Fig. 4 and 5 show an example of a seal ring according to an embodiment of the present invention. Referring to fig. 1 and 4, a seal ring 3A may be mounted on an impeller 1 of an apparatus such as a pump to rotate with the impeller 1. The sealing surface of the sealing ring 3A may be provided with one or more recessed areas 30A. In one embodiment, the recessed areas 30A may be evenly distributed along the center of the seal ring 3A to rotate with the impeller 1 about the axis. Similarly, with reference to fig. 1 and 6, a seal ring 3B may be mounted on the impeller 1 for rotation with the impeller 1, said seal ring 3B being provided with one or more recessed regions 30B which may be evenly distributed along the centre of the seal ring 3B for rotation with the impeller 1 about an axis. In one embodiment, the sealing rings 3A and/or 3B may comprise planar sealing rings, wherein the sealing surface may be planar.

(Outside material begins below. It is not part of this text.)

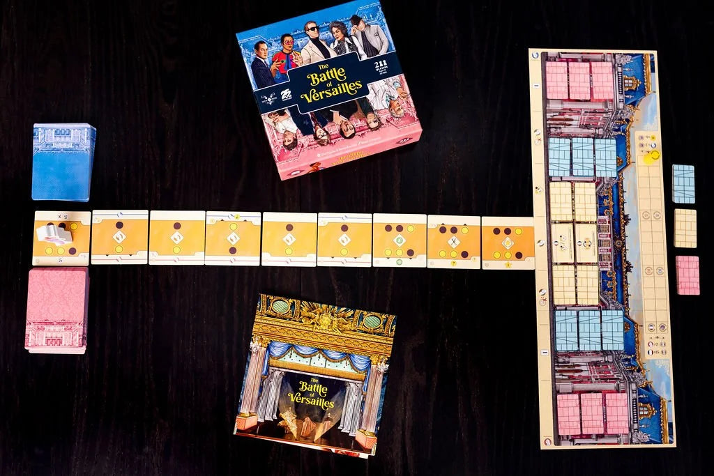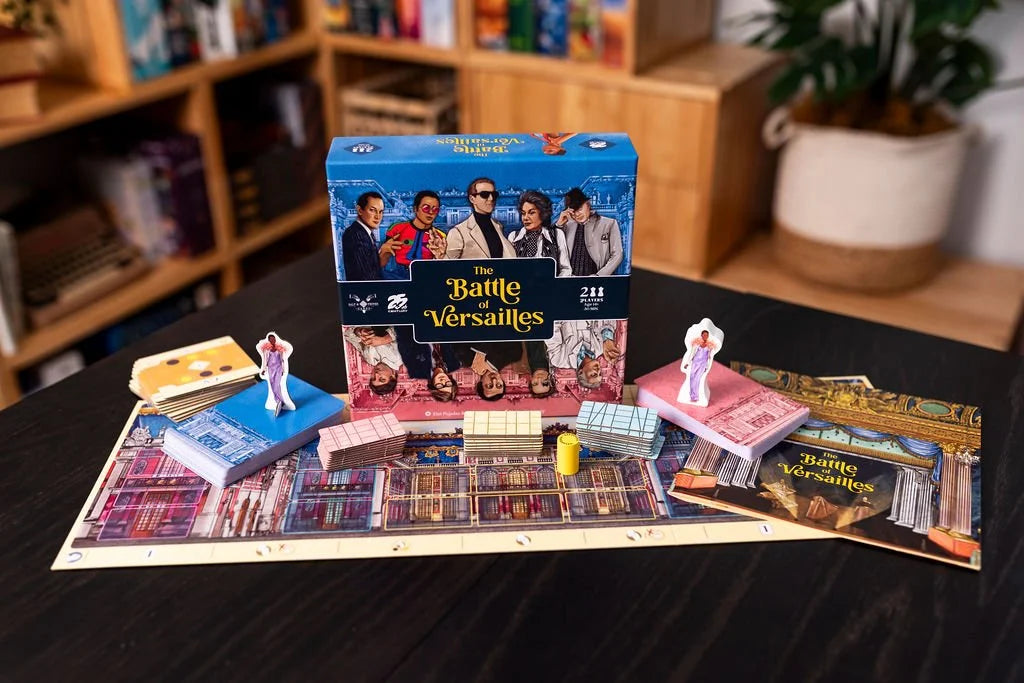In the game The Battle of Versailles, players take the role of either the France or U.S. team, facing one another by playing action cards to show off their best dresses, to attract the most popular celebrities, or to annoy the opponent by spreading bad gossip. They also compete to contribute more than their opponent to the reconstruction of the palace of Versailles.
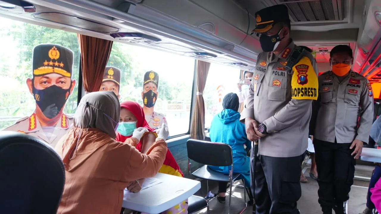 Tampak pula Kapolresta Sidoarjo Kombes Pol. Kusumo Wahyu Bintoro menghampiri pengendara, sekedar mengingatkan patuhi peraturan tertib lalu lintas dan tetap memakai masker. Sedangkan di sisi lain, berlangsung vaksinasi Covid-19 bagi masyarakat dan pembagian baksos sembako.

Referring to fig. 1 and 4, the end surface area (corresponding to the sealing surface) of the sealing ring 3A may include a groove area 30A and a sealing dam area 40A, wherein the groove area 30A may be used to pump liquid to the outside of the sealing ring 3A, and the sealing dam area 40A may be used to increase the pressure of the liquid, inhibiting leakage flow. Similarly, referring to fig. 1 and 6, the end face region of the seal ring 3B may include a groove region 30B and a seal dam region 40B.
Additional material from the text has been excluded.